Single by Roxy Dekker

from the album Mama I Made It
- Released: 26 May 2023
- Genre: Nederpop
- Length: 2:54
- Label: Self-released
- Songwriter(s): Roxy Dekker
- Producer(s): Elke Tiel; Stas Swaczyna;

Roxy Dekker singles chronology
| "Heimwee" (2022) | "Anne-Fleur vakantie" (2023) | "Satisfyer" (2023) |

= Anne-Fleur vakantie =

2023 single by Roxy Dekker

"Anne-Fleur vakantie" (lit. 'Anne-Fleur holiday') is a song by Dutch singer and songwriter Roxy Dekker. It was written by Dekker, with production handled by Elke Tiel and Stas Swaczyna. The single was released on 26 May 2023 as the first single from her debut studio album Mama I Made It.

==Background==
"Anne-Fleur vacation" was written by Roxy Dekker and produced by Elke Tiel and Stas Swaczyna. The song describes an "Anne-Fleur vacation". An "Anne-Fleur" is a term used on social media to describe a type of girl who acts like a snob and uses a lot of abbreviations in their spoken language. With the song, Dekker makes fun of girls who act like an "Anne-Fleur".

The song emerged from videos of Dekker on media platform TikTok. In it, she asked her followers for four different words, which she then used to write a song herself. During one of those challenges in March 2022, one of the followers asked to make a song with the words "colors", "sun", "Ibiza" and "mirror".

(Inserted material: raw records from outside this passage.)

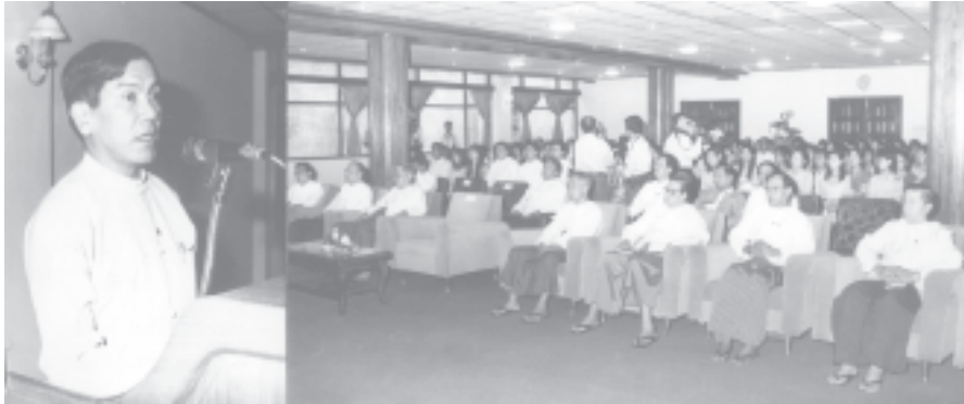
Minister for Foreign Affairs U Nyan Win delivers an address at the ceremony to conclude Basic Diplomatic Skills Course No 14/2005. — MNA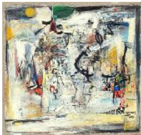
Portrait of the Artist III by Wosene Worke Kosrof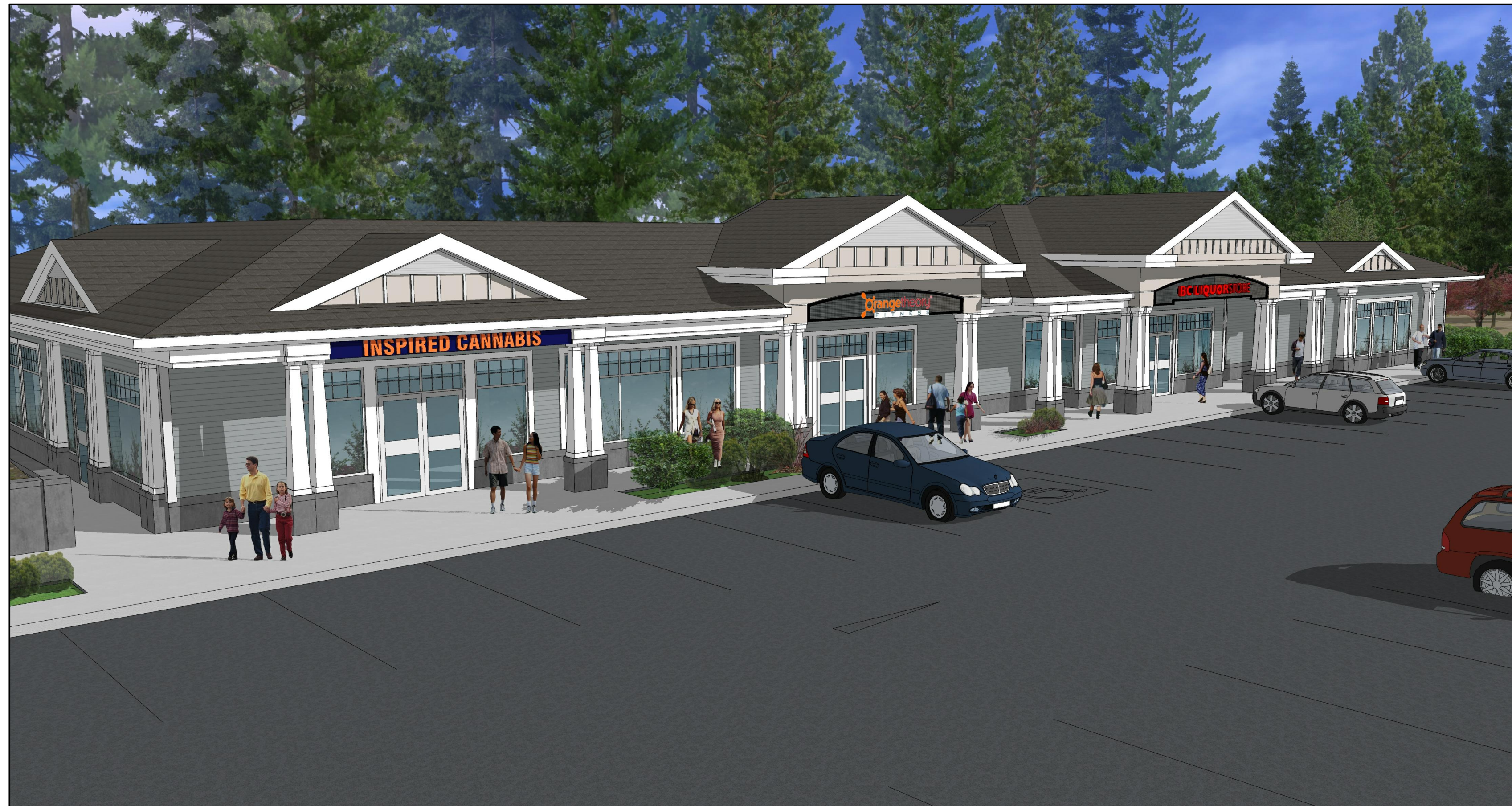
2 VIEW 2 A-3.2 SCALE: NTS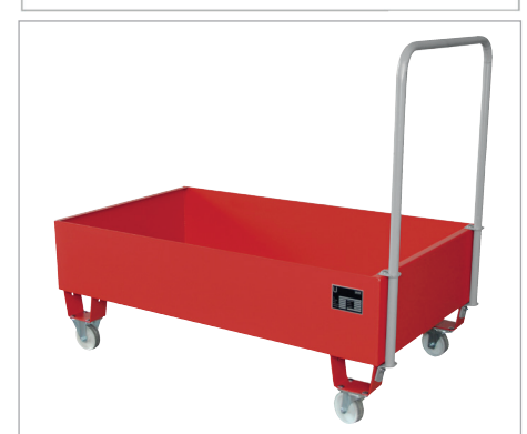
Sump tray with Element No. 2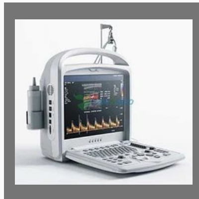
Color Echo Services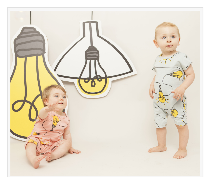
Sooki Baby from Wilshire + Cooper

Press Wilshire + Cooper 3109758484 email us here

Dekker started with the chords of the song, after which she wrote the lyrics of the song. She posted a video on the platform, which was viewed tens of thousands of times and to which many followers responded to finish the song and release it. The singer herself initially doubted whether she wanted to release it, but eventually decided to send the song to a producer and finish it. The full song went viral on TikTok and other social media platforms after it was released, and is considered a cult hit.

==Commercial performance==
Dekker had success with the song in the Dutch charts. It peaked at seventeenth place in the Single Top 100 in the fourteen weeks that it was in this list. It was not listed in the Top 40, but it reached eighth place in the Tipparade. As of 2024, the single has platinum status in the Netherlands.

== Charts ==

Weekly chart performance for "Anne-Fleur vakantie"
| Chart (2023–2024) | Peak position |
|---|---|
| Netherlands (Single Top 100) | 17 |

==Certifications==

| Region | Certification | Certified units/sales |
| Netherlands (NVPI) | Platinum | 93,000^{‡} |
^{‡} Sales+streaming figures based on certification alone.